Bungaree | State Library of New South Wales


Bungaree (or Bongaree) was an Aboriginal man from the Broken Bay area who settled in Sydney in the 1790s. He became a well-known character around Sydney and is often protrayed in distinctive military clothes and hat.

 > View a portrait of Bunagree by Augustus Earle from 1826

Portrait of Bungaree

Bungaree accompanied both Matthew Flinders and Phillip Parker King on voyages of discovery. Flinders was attracted to his 'good disposition and manly conduct', and Bungaree became an important crew member on the Norfolk as they sailed to Moreton and Hervey Bays in Queensland in 1799, and on the Investigator during Flinders' circumnavigation of Australia from 1801 - 1803.

Bungaree also sailed with Phillip Parker King to north western Australia where he proved very helpful in making contact with new tribes.


Bungaree - Chief of the Broken Bay Tribe
Bungaree, Late Chief of the Broken Bay Tribe, near Sidney [i.e.
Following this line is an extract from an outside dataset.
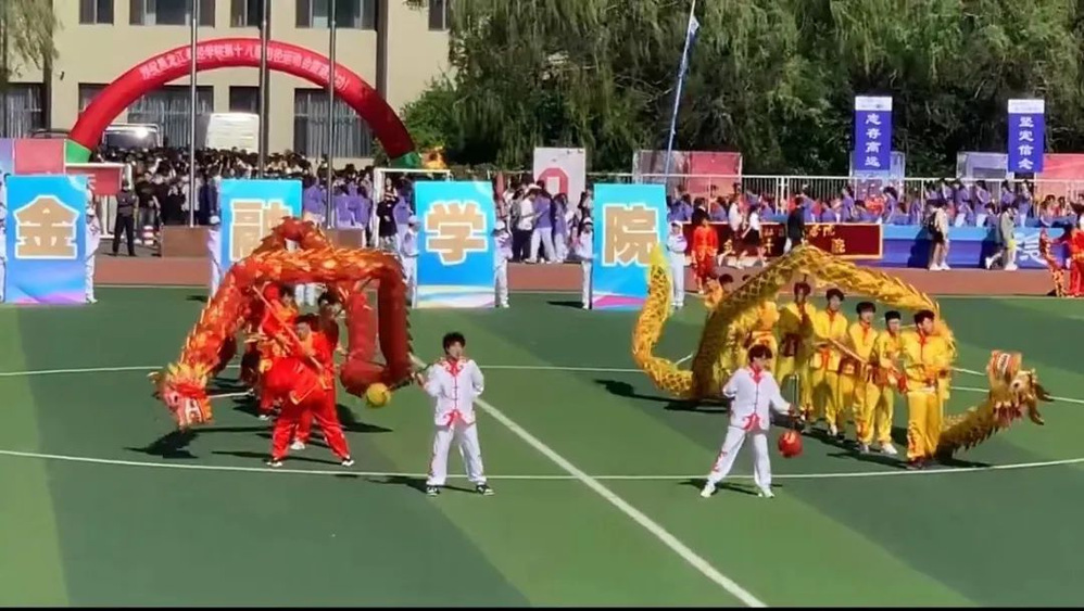 百余名金融学子随着音乐动作徐徐而来、气势磅礴彰显了青春风貌和青春热情。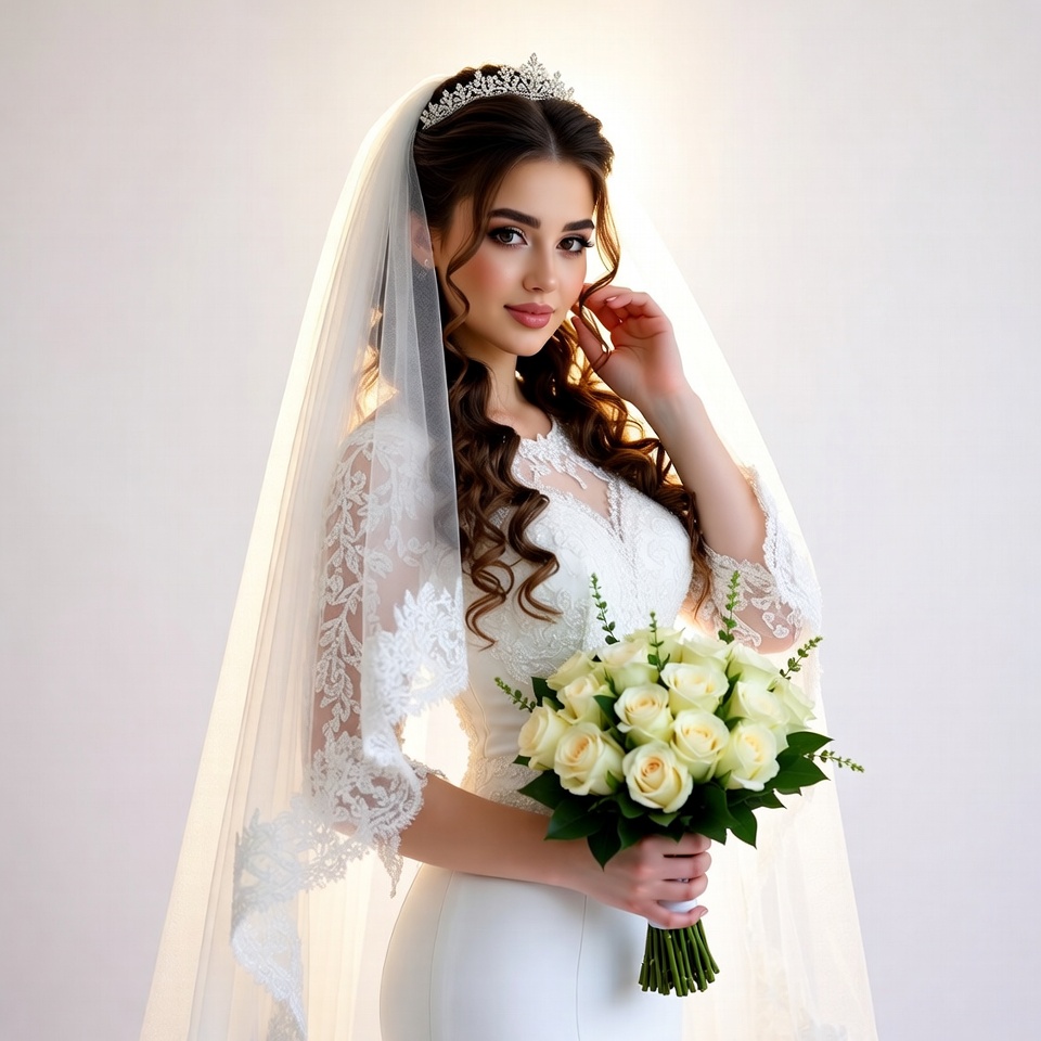 A beautiful bride with long wavy hair and a sparkling tiara stands in a white wedding gown with lace sleeves. She holds a bouquet of white roses and greenery in her hands, with a long veil draped over her head. Her makeup is elegant, and she poses gracefully against a plain white background.

Sydney], 1836, by William Henry Fernyhough

Lithograph  DL PX 47

Governor Macquarie conferred upon Bungaree the fictitious title of 'King' in an attempt to create for the Aborigines a leader with whom he could negotiate.

In 1815 Macquarie installed Bungaree and others from his tribe on a farm at George's Head in Sydney. However, the farm was not a success and the venture ultimately failed. Bungaree died in 1830 after a long illness.